The most interesting part of the plot is on the bottom left, where we can see that there are two clusters: one of equal effects and the other of amplified effects, with a relatively well defined dividing line between the clusters. 

## Testing Approach

A third approach to demonstrating different effect sizes between control and high sugar effects is to use a test to compare the coefficient in the high sugar group to the coefficient in the control group. While in some ways this is less appealing because it does not specify a generative model for GxE, it also requires fewer assumptions about the mathematical nature of potential amplifications. 

Specifically, we could envision conducting the hypothesis test that the effect of a SNP in the high sugar group has a more significant negative effect on longevity than the effect of a SNP in the control group. 

For each SNP, let $\hat{\beta}_{hs}$ and $\hat{\beta}_{c}$ be the estimated high sugar and control effects, respectively. Also, let $\hat{\sigma}_{hs}$ and $\hat{\sigma}_{c}$ be the standard error estimates for the regression estimates of the high sugar and control effects, respectively.
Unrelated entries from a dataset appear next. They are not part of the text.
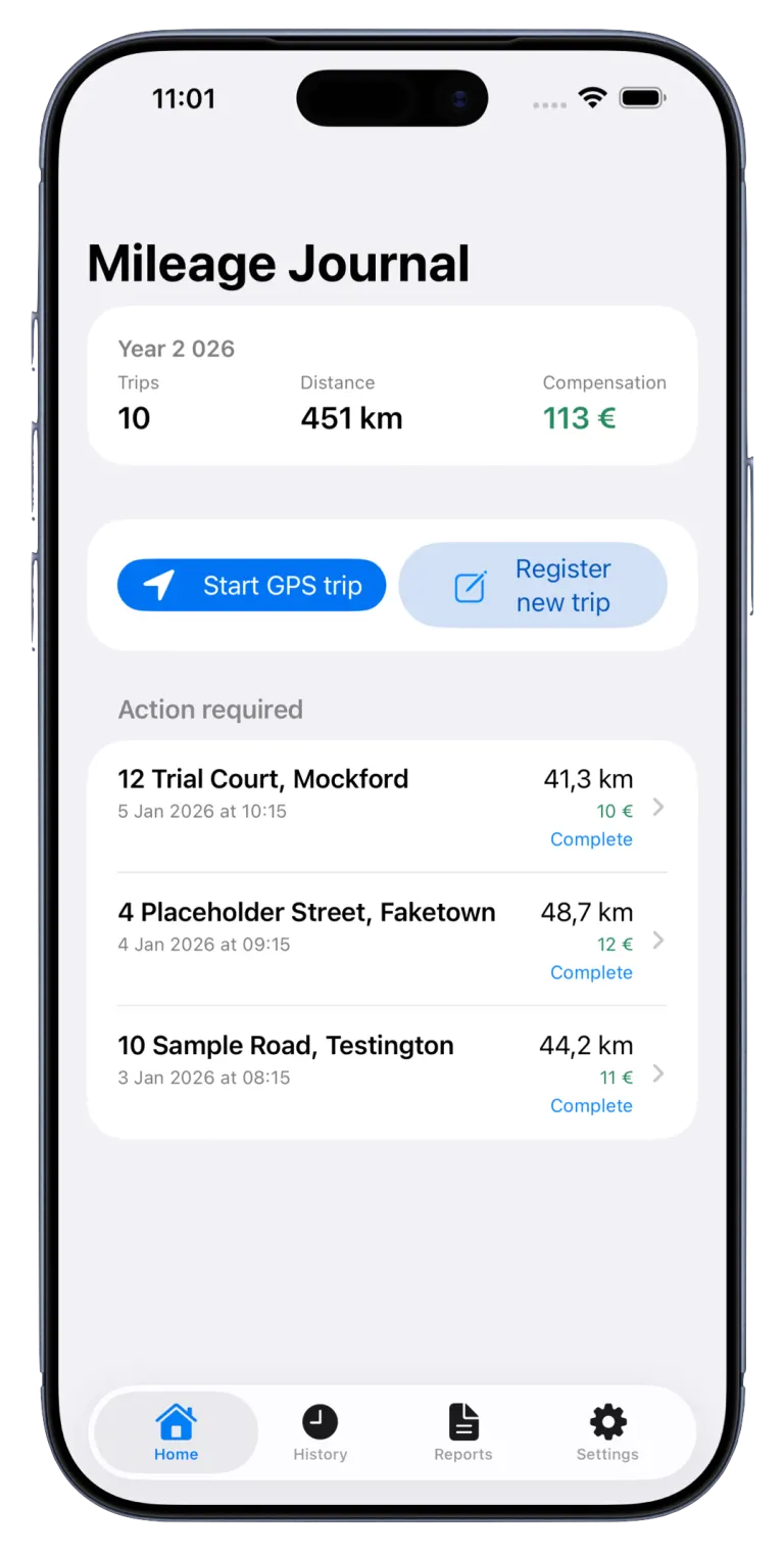 Ajopäiväkirja kirjaa GPS‑ajot luotettavasti, tukee useita yrityksiä, kuljettajia ja ajoneuvoja ja mahdollistaa projektien/projektinumeroiden merkitsemisen. Vie valmiit PDF‑ tai CSV‑raportit silloin kun tarvitset.
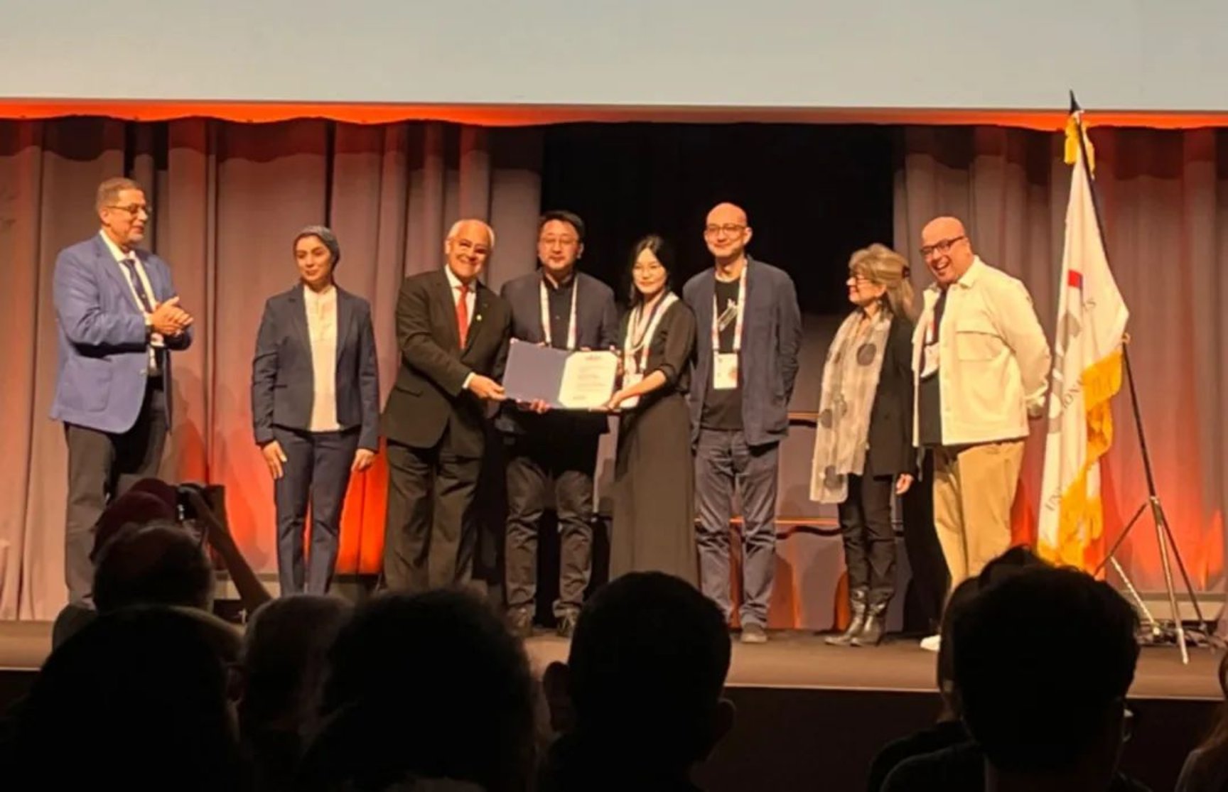 国际建协主席胡赛·路易斯(José-Luis Cortès)向公司团队颁发获奖证书
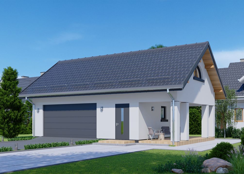 Graficzne opracowanie rzutów poglądowych widocznych na karcie projektu zostało wykonane przez Extradom.pl. Prezentowane przez Extradom.pl wizualizacje wykonane zostały przez autora projektu i należy poczytywać je jedynie za przykład i propozycję wykończenia, wizję architektoniczną autora projektu. Ostateczne wykończenie budynku może nastąpić na wiele sposobów. Szczegółowe rozwiązania zastosowane w oferowanej dokumentacji - w tym również ilość, lokalizacje i wygląd okien, drzwi, kominów - mogą w niewielkim stopniu różnić się od prezentowanej wizualizacji budynku.
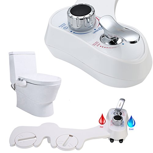 Anzone Bidet Posterior Feminine Self-Cleaning Wash Dual Nozzles Adjustable Water Pressure Hot and Cold Water Non-Electric Manually Operated Bidet Sprayer Toilet Seat Attachment
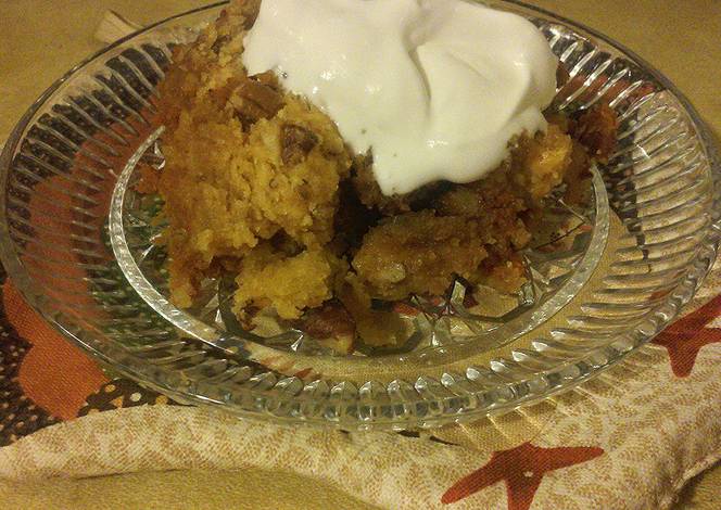 - Sprinkle the DRY cake mix evenly over the pumpkin puree, then, as evenly as possible, pour the melted butter on top and finish by sprinkling with the chopped pecans.
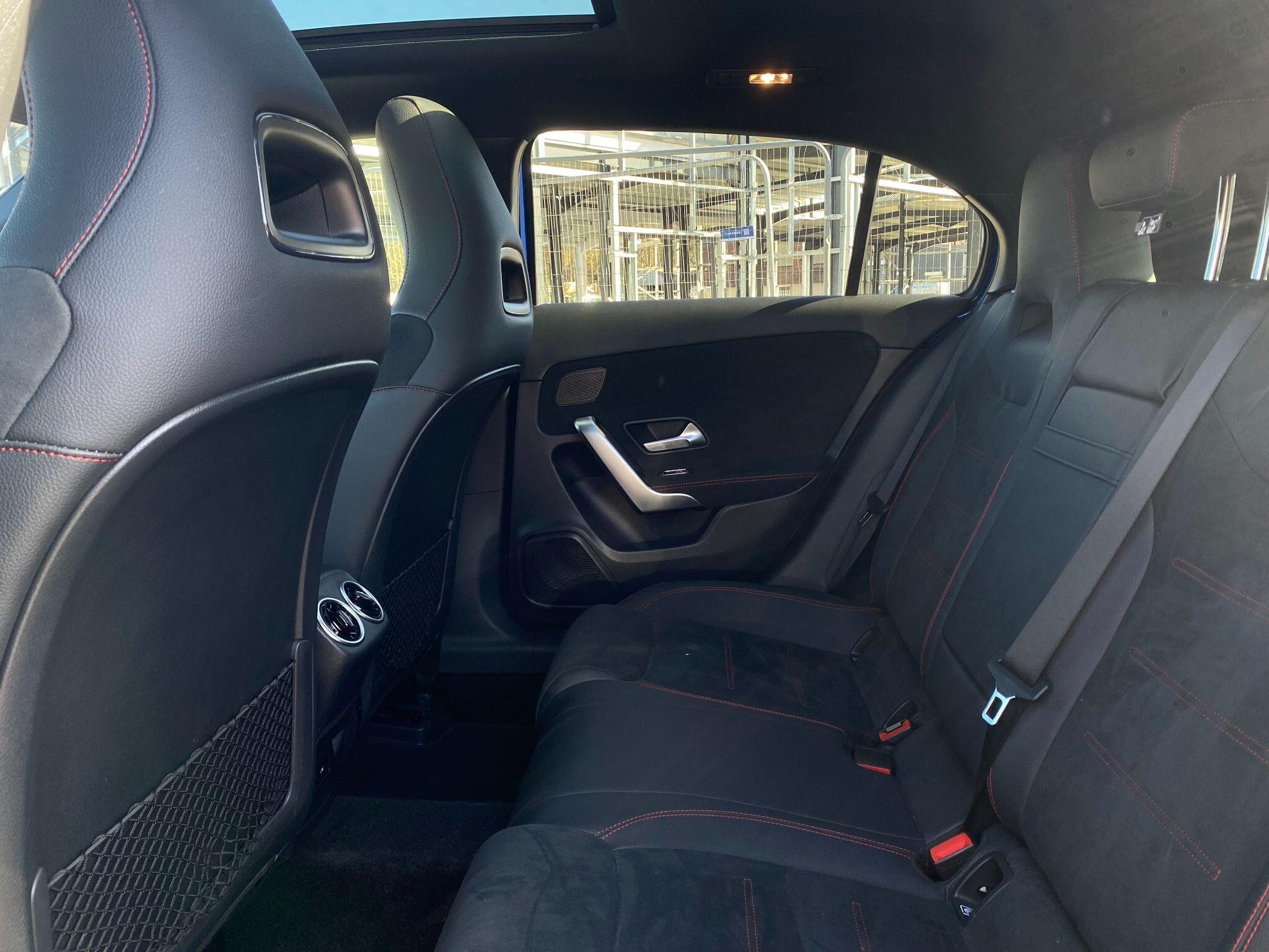 "features": "10.25 inch touchscreen central media display, 10.25\" Digital instrument cluster display screen, Acoustic ambient protection, Attention assist, Brake pad wear indicator warning light, Car wash mode, Direct steering, Direction indicators with lane change function, Dual bluetooth interfaces, DYNAMIC SELECT with a choice of driving modes (ECO, Comfort, Sport and Individual), Easy pack tailgate hands-free access, ECO start/stop function, Engine start/stop button, Fingerprint scanner, Fluid level warning indicator for fuel, oil, coolant and washer fluid, Fluorescent jacket for driver, Hard-disk navigation, Head up Display, Hey Mercedes Voice activation, Lamp failure indicator, MBUX augmented reality for navigation, MBUX Interior assistant, Mercedes me connect including emergency call system, accident recovery, breakdown and maintenance management, Mercedes me remote services, Outside temperature gauge, Owners manual in English, Pre-installation of private car share, Preinstallation for Mercedes Benz link, Remote and charging services plus, Remote boot closing, Service indicator (ASSYST), Smartphone integration with Apple CarPlay and Android auto, Speed sensitive power steering, Tailgate, Traffic sign assist, Trip computer in multifunction display with current consumption indicator, Wireless charging, Charging system - AC charging system rated at 11kW, Charging system - DC charging system rated at 22 kW, Comfort suspension, Mode 2 charging cable for domestic socket with 5m up to 1.8kW, Mode 3 charging cable for wallbox and public charging stations with 4m upto 22 kW, DAB Digital radio, MBUX multimedia system, Mercedes Benz advanced sound system (225 W) with 10 speakers, 1 central speaker, speakers on doors, a tweeter on door,one sub woofer + boost amplifier, 4 Electric Front and Rear windows, Adaptive brake lights, AMG body styling - AMG front apron with front splitter and AMG rear apron and visible exhaust tailpipe trim elements, Body colour bumpers, Body colour door handles with chrome inserts, Body colour side skirt, Body coloured door mirrors, Chrome beltline strips, Diamond radiator grille with pins in fine star pattern, Electric adjustable and heated door mirrors with integrated LED side indicators, Exhaust system with 2 visible tailpipe trim elements and rear apron, Headlamp assist automatic headlamp activation, Heat insulating dark tinted rear and rear side windows, Heated glass rear windscreen + timer control, LED daytime running lights, LED High level third brake light, LED tail lamp, Multibeam LED headlamps with adaptive highbeam assist and cornering function, Panoramic sliding sunroof, Privacy glass, Radio aerial, Rain sensing windscreen wipers with two sensitivity settings, Rear fog lights, Rear side wing doors, Rear windscreen wiper, Surround lighting with logo projection, Window line trim strip in chrome, 3 seat bench in 2nd row, 3 Spoke flat bottom leather multi function steering wheel with perforated leather in grip area, 40:20:40 split folding rear seats, Air conditioning - Two zone thermotronic luxury automatic climate control with display, AMG floor mats, Automatic child seat recognition sensor, Black air vents with surround in silver chrome, Black roof lining, Brushed stainless steel sports pedals with rubber studs, Charging socket, Electrically adjustable front memory seats including lumbar support and backrest inclination, Front centre armrest with stowage, Front seat backs luggage nets, Galvanished gear shift paddles on steering wheel, Heated front seats, Height/reach adjustable steering column, Illuminated Mercedes Benz lettering front door sills with changeable cover, Interior lighting - 64 colour Ambient lighting, Interior mirror with reading lamps in black and frameless, Pre-entry climate control, Rear armrest with 2 cupholders, Seat occupancy sensor for front passenger seat, Single front passenger seat, Sports seats with integrated headrests, Stowage compartment in centre console with retractable cover, Sunvisors with illuminated vanity mirrors, Twin front cupholders, Light and sight pack - A Class, Mirror package - A Class, Parking pack with 360 degree camera - A Class, Seat comfort pack - A Class, USB pack plus - A Class, 3 rear 3 point seatbelts, ABS with Brake Assist, Active bonnet, Adaptive brake assist with hold function and hill start assist, Bonnet with power domes, Childproof locks manually operated for rear doors and electrically operated for rear power windows, Crash responsive emergency lighting, Driver and passenger head and side airbags, Drivers knee airbag, Dual stage driver/passenger airbags, Electronic parking brake, ESP curve dynamic assist, ESP with ASR, Exit warning, Front and rear seatbelt reminder, ISOFIX and top tether child seat fixing points in two outer rear seats, Perforated front brake discs, Radar based regeneration, Tyre pressure monitoring system, Warning triangle and first aid kit, Window airbags, Alarm system/interior protection/immobiliser, Guard 360 degree vehicle protection, Keyless entry lock/unlock, Keyless Go, Remote central locking and crash sensor with emergency opening function, Black seatbelts, Light longitudinal grain aluminium trim, 19\" AMG multi-spoke light alloy wheels,aerodynamically optimised, painted in titanium grey with high sheen finish, Summer tyres, Tirefit sealant kit, ",

Then, we can define a Z-score as:

\begin{equation*}
z = \frac{\hat{\beta}_{hs} - \hat{\beta}_{c}}{\sqrt{\hat{\sigma}^{2}_{hs} + \hat{\sigma}^{2}_{c}}}
\end{equation*}

The density plot of p-values in shown below for this test:

```{r}
summary_table_sig <- summary_table_sig %>%
  dplyr::mutate(reg_z = (coef_HS - coef_CTRL) / sqrt(std_error_ctrl ^ 2 + std_error_hs ^ 2))

summary_table_sig <- summary_table_sig %>%
  dplyr::mutate(reg_p = pnorm(reg_z))
```

```{r}
plot(density(summary_table_sig$reg_p, from = 0, to = 1), main = "P-value of Regression Coefficient Test", ylim = c(0, 3.25))
```
Clearly, this distribution deviates very strongly from uniformity, indicating there are likely many signals that are stronger in the case of the high sugar group than the control group

```{r}
summary_table_sig <- summary_table_sig %>%
  dplyr::mutate(reg_fdr = qvalue::lfdr(reg_p))

num_shared_hs_amp <- summary_table_sig %>%
  dplyr::filter(sig_cat == 'shared' & reg_fdr <= .1) %>%
  nrow()
```

If we look at the signals that are described as "shared" by Pallares et al. but have a local FDR below .1, we identify 72 candidate SNPs for amplification.